== PROBLEM STATEMENT ==
What follows is a set of records. Retype them exactly, leaving out the pictures.

Stored items
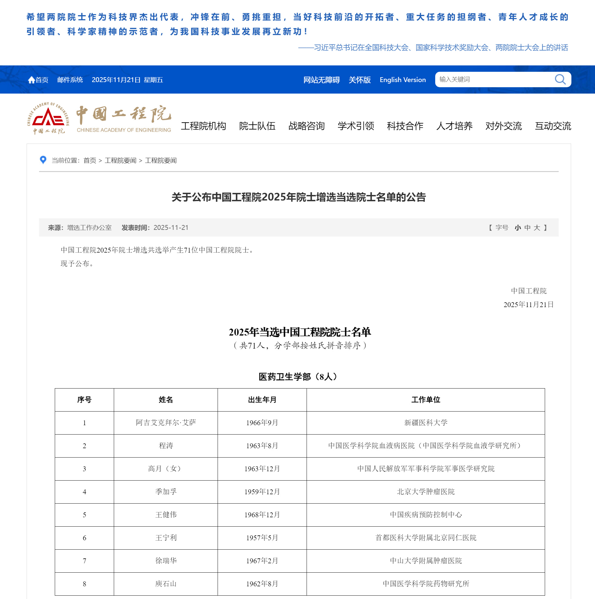 11月21日上午,2025年院士增选结果公布,中国疾病预防控制中心(中国预防医学科学院)王健伟研究员增选为中国工程院院士。
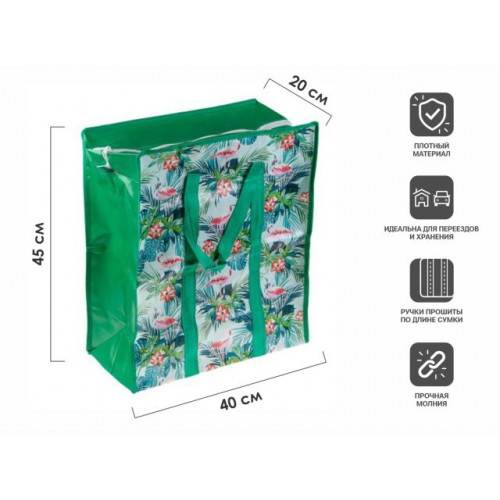 Плотная хозяйственная сумка. Предназначена для транспортировки разных грузов. Такие сумки используются как в логистике, так и в личных целях. Очень удобны для переездов. Сумка имеет укрепленные ручки и застежку-молнию, что сохраняет упаковываемый товар и вещи от грязи и пыли.
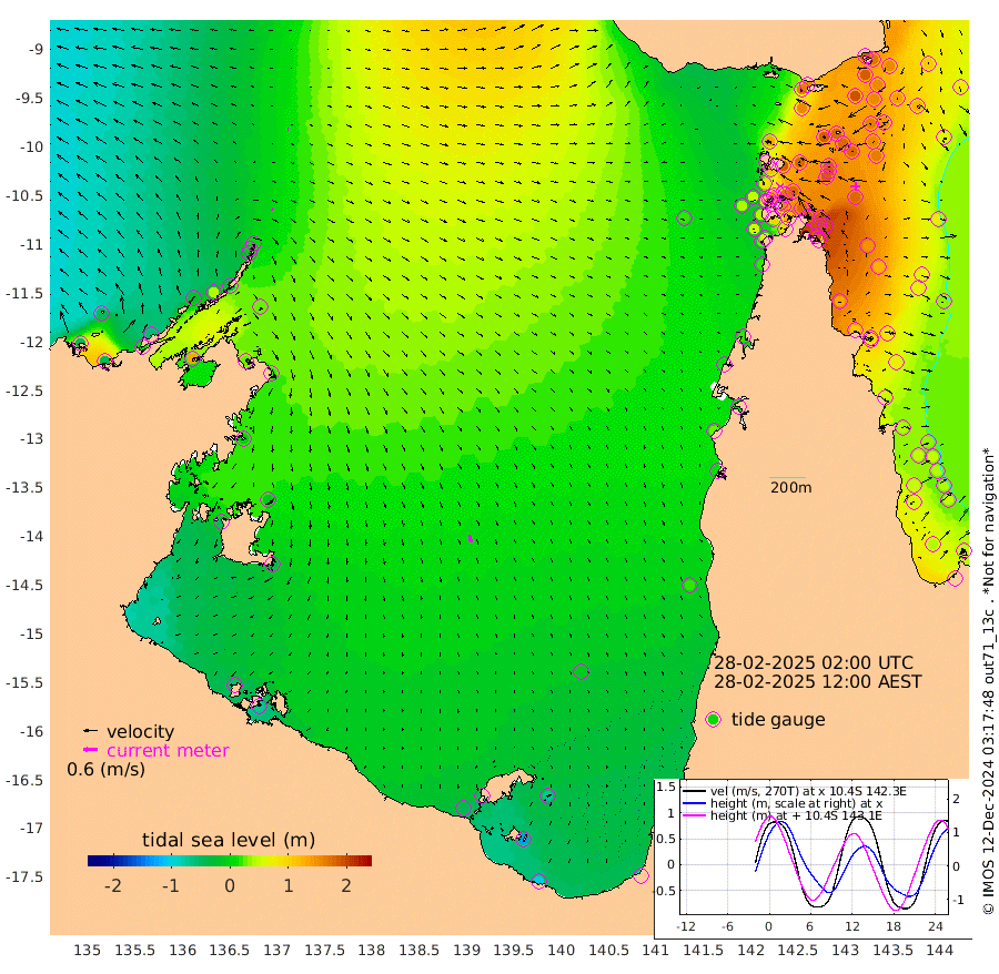 7cm/s 119T +3cm/s rms + 7cm/s -42T. ARA-GOC87 57m 33cm/s 167T +3cm/s rms + 2cm/s -2T. ARA-GOC87 60m 5cm/s -96T +2cm/s rms + 3cm/s 61T. ARA-GOC87 47m 184cm Daru 168cm Bobo Island 67cm Meer Island Barge 108cm Bramble Cay 154cm Unnamed Cay 154cm Pearce Cay 137cm Stephens Island 150cm Merrie England Shoals 186cm Mutacomal Reef 122cm Darnley Island Barge 75cm East Cay 149cm Yorke Island Barge 164cm Rennel Island 155cm Aureed Island 173cm Dungeness Reef 179cm Zagai Island 185cm Yam Island 164cm Dauan Island 153cm Saibai Island 155cm Phipi Reef 193cm Warrior Reef - West 132cm Mabuiag Island Barge 161cm Half Way Island 178cm Coconut Island 178cm Dugong Islet 183cm Poll Island 183cm Kirkcaldie Reef 177cm Suarji Island 177cm Sue Islet 86cm Hawkesbury Island 172cm Alert Patches 178cm Twin Island 94cm Badu Island 184cm St Pauls (Moa Island) 113cm Kubin (Moa Island) 151cm Ince Point 133cm Thursday Island 138cm Nardana Patches 112cm Turtle Head 84cm Round Island 69cm Goods Island 39cm Booby Island 51cm White Rocks Area 19cm Carpentaria 156cm Papou Point 40cm Bampfield Head 28cm Crab Island 54cm Red Wallis Island 99cm Packe Island 191cm Harrington Reef 63cm Herald Camp 55cm Sharp Point 91cm Red Island Point 123cm Possession Island 174cm Alpha Rock 186cm Frederick Point 190cm Wyborn Reef Light 195cm Tetley Island 81cm Triangle Reef 184cm Turtle Head Island 73cm Maclennan Cay 36cm Raine Island 144cm Mcsweeny Reef 125cm Collette Reef 73cm Shadwell Reef 131cm Hannibal Island 111cm Round Point 18cm Vrilya Point 93cm Cape Grenville 82cm Hicks Island 86cm Sir Charles Hardy Island 29cm Harvey Island 69cm Kay Reef 49cm Rocky Island 38cm Chapman Island 37cm Ham Reef 48cm Jubilee Reef 50cm Night Island 41cm Unnamed Reef No. 3 51cm Morris Island 40cm 1st 3 Mile Opening 47cm Creech Reef 59cm Fife Island 40cm Eden Reef 48cm Stanley Island 55cm Normanby River -51cm Yabooma Island -39cm Hutchison River -54cm Elcho Island -52cm North West Crocodile Island 0cm Cape Wessel -22cm Stevens Island 40cm Guluwuru Island -42cm Hopeful Bay -19cm Auster Point -14cm Two Island Bay 1cm Cadell Strait 135cm Mallison Island 23cm Melville Bay (Gove Harbour) 29cm Truant Island 21cm Cape Arnhem -3cm Cape Grey -12cm Hawk Island -49cm Milner Bay (Groote Eylandt) -39cm Cape Beatrice -56cm West Island -68cm Centre Island -46cm Mornington Island -42cm West Wellesley Islands -72cm Bountiful Island -103cm Albert River Mouth -133cm Sweers Island -98cm Karumba -13cm Nassau River Offshore 15cm Christmas Creek 8cm Archer River 24cm Boyd Point 12cm Weipa (Humbug Point) 13cm Pennefather River 17cm Cullen Point
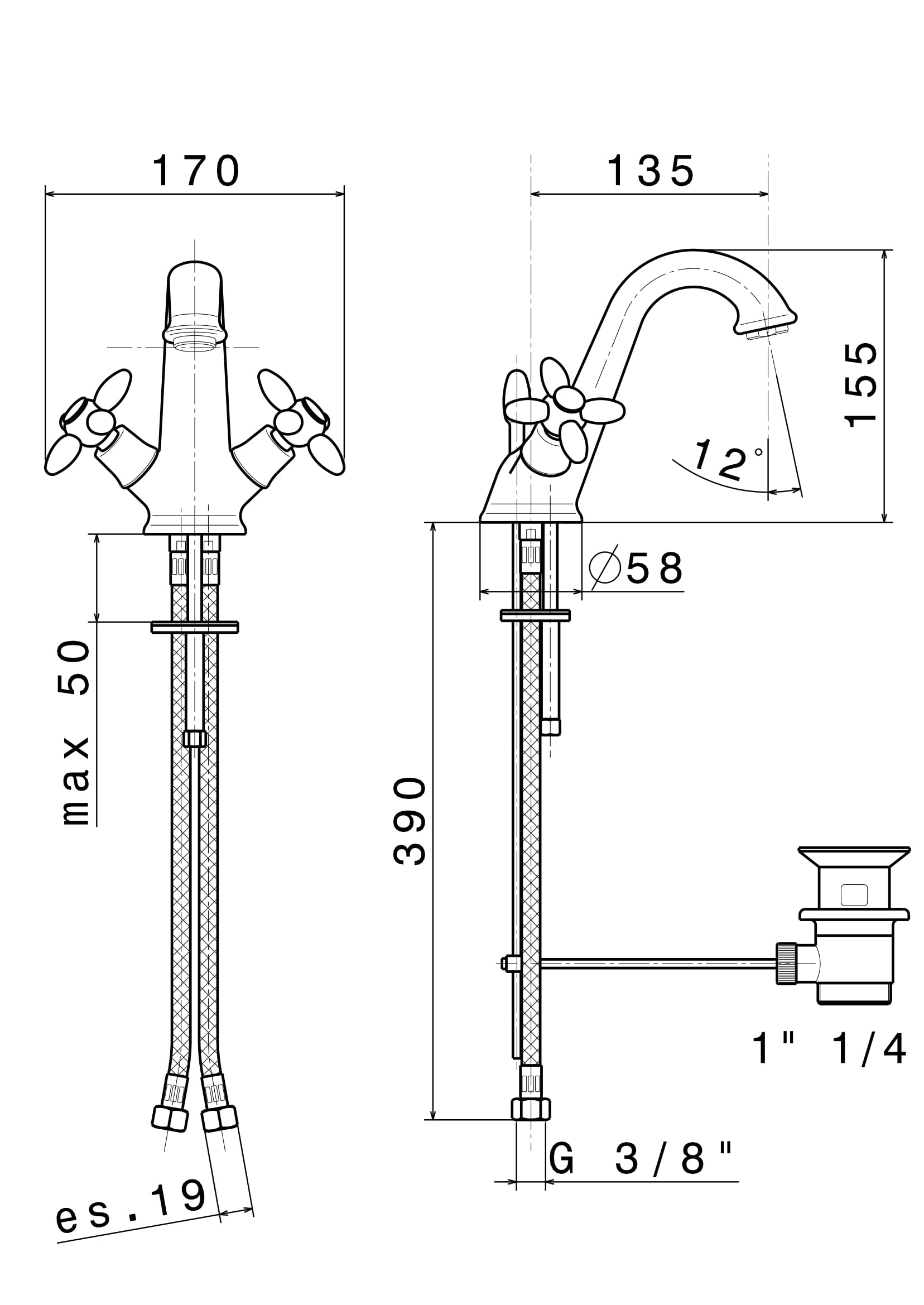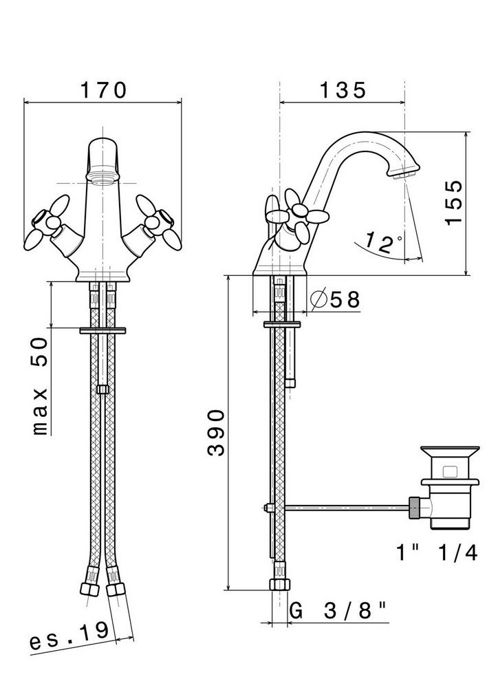 Аэратор, Гибкая подводка, Донный клапан, Крепления |
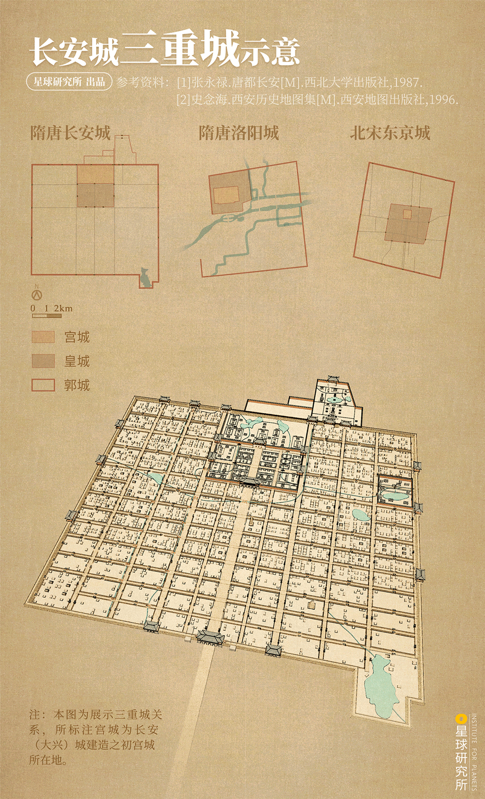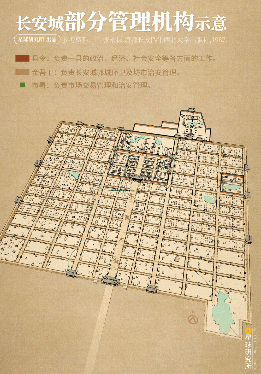 (請橫屏觀看,長安生活圖鑑,該圖為長安三個主題的藝術拼接,非真實空間佈局,製圖@阿土/星球研究所)

== REPLY TO THE EXERCISE ==
 11月21日上午,2025年院士增选结果公布,中国疾病预防控制中心(中国预防医学科学院)王健伟研究员增选为中国工程院院士。
 Плотная хозяйственная сумка. Предназначена для транспортировки разных грузов. Такие сумки используются как в логистике, так и в личных целях. Очень удобны для переездов. Сумка имеет укрепленные ручки и застежку-молнию, что сохраняет упаковываемый товар и вещи от грязи и пыли.
 7cm/s 119T +3cm/s rms + 7cm/s -42T. ARA-GOC87 57m 33cm/s 167T +3cm/s rms + 2cm/s -2T. ARA-GOC87 60m 5cm/s -96T +2cm/s rms + 3cm/s 61T. ARA-GOC87 47m 184cm Daru 168cm Bobo Island 67cm Meer Island Barge 108cm Bramble Cay 154cm Unnamed Cay 154cm Pearce Cay 137cm Stephens Island 150cm Merrie England Shoals 186cm Mutacomal Reef 122cm Darnley Island Barge 75cm East Cay 149cm Yorke Island Barge 164cm Rennel Island 155cm Aureed Island 173cm Dungeness Reef 179cm Zagai Island 185cm Yam Island 164cm Dauan Island 153cm Saibai Island 155cm Phipi Reef 193cm Warrior Reef - West 132cm Mabuiag Island Barge 161cm Half Way Island 178cm Coconut Island 178cm Dugong Islet 183cm Poll Island 183cm Kirkcaldie Reef 177cm Suarji Island 177cm Sue Islet 86cm Hawkesbury Island 172cm Alert Patches 178cm Twin Island 94cm Badu Island 184cm St Pauls (Moa Island) 113cm Kubin (Moa Island) 151cm Ince Point 133cm Thursday Island 138cm Nardana Patches 112cm Turtle Head 84cm Round Island 69cm Goods Island 39cm Booby Island 51cm White Rocks Area 19cm Carpentaria 156cm Papou Point 40cm Bampfield Head 28cm Crab Island 54cm Red Wallis Island 99cm Packe Island 191cm Harrington Reef 63cm Herald Camp 55cm Sharp Point 91cm Red Island Point 123cm Possession Island 174cm Alpha Rock 186cm Frederick Point 190cm Wyborn Reef Light 195cm Tetley Island 81cm Triangle Reef 184cm Turtle Head Island 73cm Maclennan Cay 36cm Raine Island 144cm Mcsweeny Reef 125cm Collette Reef 73cm Shadwell Reef 131cm Hannibal Island 111cm Round Point 18cm Vrilya Point 93cm Cape Grenville 82cm Hicks Island 86cm Sir Charles Hardy Island 29cm Harvey Island 69cm Kay Reef 49cm Rocky Island 38cm Chapman Island 37cm Ham Reef 48cm Jubilee Reef 50cm Night Island 41cm Unnamed Reef No. 3 51cm Morris Island 40cm 1st 3 Mile Opening 47cm Creech Reef 59cm Fife Island 40cm Eden Reef 48cm Stanley Island 55cm Normanby River -51cm Yabooma Island -39cm Hutchison River -54cm Elcho Island -52cm North West Crocodile Island 0cm Cape Wessel -22cm Stevens Island 40cm Guluwuru Island -42cm Hopeful Bay -19cm Auster Point -14cm Two Island Bay 1cm Cadell Strait 135cm Mallison Island 23cm Melville Bay (Gove Harbour) 29cm Truant Island 21cm Cape Arnhem -3cm Cape Grey -12cm Hawk Island -49cm Milner Bay (Groote Eylandt) -39cm Cape Beatrice -56cm West Island -68cm Centre Island -46cm Mornington Island -42cm West Wellesley Islands -72cm Bountiful Island -103cm Albert River Mouth -133cm Sweers Island -98cm Karumba -13cm Nassau River Offshore 15cm Christmas Creek 8cm Archer River 24cm Boyd Point 12cm Weipa (Humbug Point) 13cm Pennefather River 17cm Cullen Point
 Аэратор, Гибкая подводка, Донный клапан, Крепления |
 (請橫屏觀看,長安生活圖鑑,該圖為長安三個主題的藝術拼接,非真實空間佈局,製圖@阿土/星球研究所)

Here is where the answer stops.